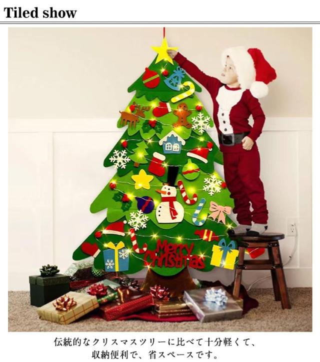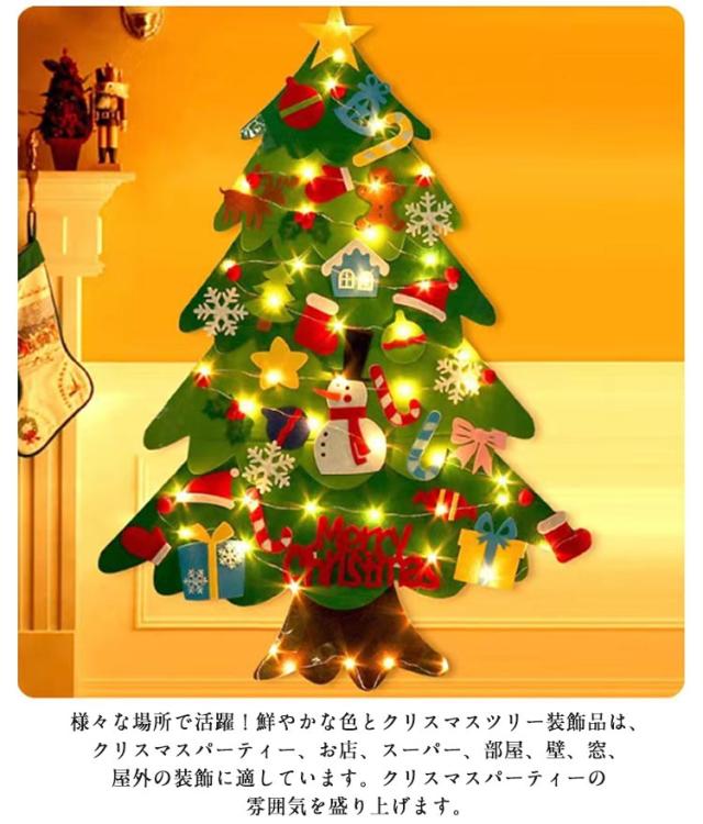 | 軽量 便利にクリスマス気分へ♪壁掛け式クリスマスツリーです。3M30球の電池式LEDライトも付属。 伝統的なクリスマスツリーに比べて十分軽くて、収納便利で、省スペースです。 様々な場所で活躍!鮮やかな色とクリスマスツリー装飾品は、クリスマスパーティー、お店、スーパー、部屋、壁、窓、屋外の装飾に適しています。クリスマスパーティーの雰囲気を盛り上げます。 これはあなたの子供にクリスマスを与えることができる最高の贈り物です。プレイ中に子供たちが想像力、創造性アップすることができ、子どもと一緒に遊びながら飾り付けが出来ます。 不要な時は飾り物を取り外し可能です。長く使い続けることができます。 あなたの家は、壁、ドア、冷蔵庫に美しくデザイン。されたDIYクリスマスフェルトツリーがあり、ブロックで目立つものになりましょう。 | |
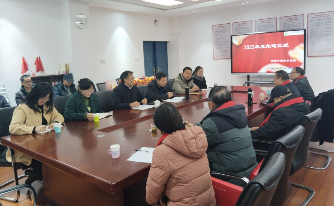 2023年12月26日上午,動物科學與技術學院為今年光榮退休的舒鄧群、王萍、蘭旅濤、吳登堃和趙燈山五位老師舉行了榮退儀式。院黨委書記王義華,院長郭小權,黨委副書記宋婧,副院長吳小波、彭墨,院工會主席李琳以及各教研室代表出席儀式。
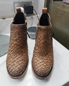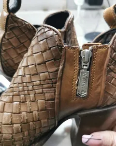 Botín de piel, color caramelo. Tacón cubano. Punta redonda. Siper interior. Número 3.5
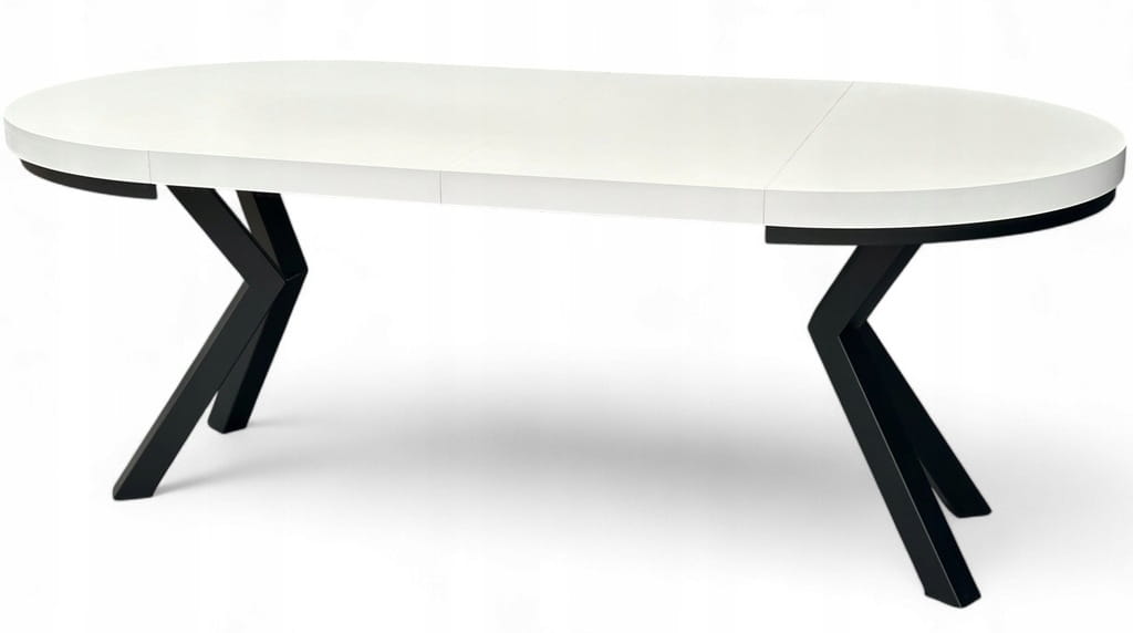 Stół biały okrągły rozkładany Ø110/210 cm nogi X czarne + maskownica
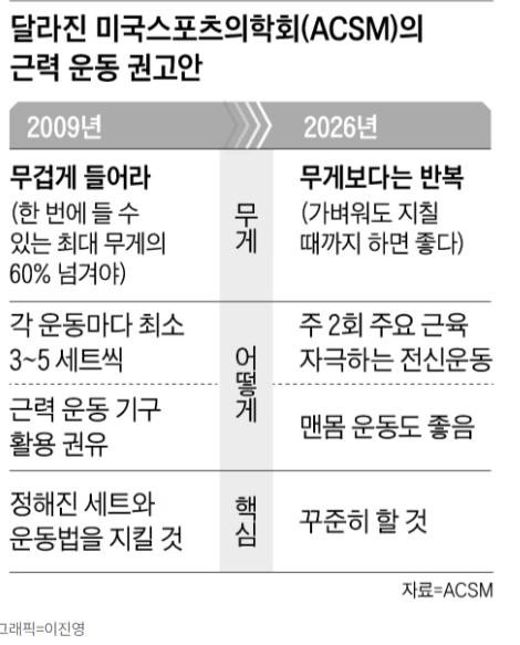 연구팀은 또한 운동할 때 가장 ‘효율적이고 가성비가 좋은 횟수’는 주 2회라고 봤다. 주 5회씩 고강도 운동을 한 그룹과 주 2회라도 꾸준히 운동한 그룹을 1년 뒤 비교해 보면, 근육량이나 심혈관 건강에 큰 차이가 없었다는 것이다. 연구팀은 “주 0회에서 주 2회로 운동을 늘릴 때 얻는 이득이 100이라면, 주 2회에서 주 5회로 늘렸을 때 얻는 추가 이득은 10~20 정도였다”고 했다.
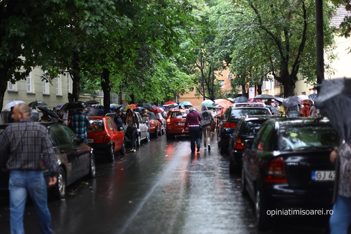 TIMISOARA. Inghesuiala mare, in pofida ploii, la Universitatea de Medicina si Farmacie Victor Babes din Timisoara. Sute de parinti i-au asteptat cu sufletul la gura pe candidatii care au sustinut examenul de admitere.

### What is required
Everything in the listing above is to be given again exactly, apart from the pictures.

### Output for this task
 | 軽量 便利にクリスマス気分へ♪壁掛け式クリスマスツリーです。3M30球の電池式LEDライトも付属。 伝統的なクリスマスツリーに比べて十分軽くて、収納便利で、省スペースです。 様々な場所で活躍!鮮やかな色とクリスマスツリー装飾品は、クリスマスパーティー、お店、スーパー、部屋、壁、窓、屋外の装飾に適しています。クリスマスパーティーの雰囲気を盛り上げます。 これはあなたの子供にクリスマスを与えることができる最高の贈り物です。プレイ中に子供たちが想像力、創造性アップすることができ、子どもと一緒に遊びながら飾り付けが出来ます。 不要な時は飾り物を取り外し可能です。長く使い続けることができます。 あなたの家は、壁、ドア、冷蔵庫に美しくデザイン。されたDIYクリスマスフェルトツリーがあり、ブロックで目立つものになりましょう。 | |
 2023年12月26日上午,動物科學與技術學院為今年光榮退休的舒鄧群、王萍、蘭旅濤、吳登堃和趙燈山五位老師舉行了榮退儀式。院黨委書記王義華,院長郭小權,黨委副書記宋婧,副院長吳小波、彭墨,院工會主席李琳以及各教研室代表出席儀式。
 Botín de piel, color caramelo. Tacón cubano. Punta redonda. Siper interior. Número 3.5
 Stół biały okrągły rozkładany Ø110/210 cm nogi X czarne + maskownica
 연구팀은 또한 운동할 때 가장 ‘효율적이고 가성비가 좋은 횟수’는 주 2회라고 봤다. 주 5회씩 고강도 운동을 한 그룹과 주 2회라도 꾸준히 운동한 그룹을 1년 뒤 비교해 보면, 근육량이나 심혈관 건강에 큰 차이가 없었다는 것이다. 연구팀은 “주 0회에서 주 2회로 운동을 늘릴 때 얻는 이득이 100이라면, 주 2회에서 주 5회로 늘렸을 때 얻는 추가 이득은 10~20 정도였다”고 했다.
 TIMISOARA. Inghesuiala mare, in pofida ploii, la Universitatea de Medicina si Farmacie Victor Babes din Timisoara. Sute de parinti i-au asteptat cu sufletul la gura pe candidatii care au sustinut examenul de admitere.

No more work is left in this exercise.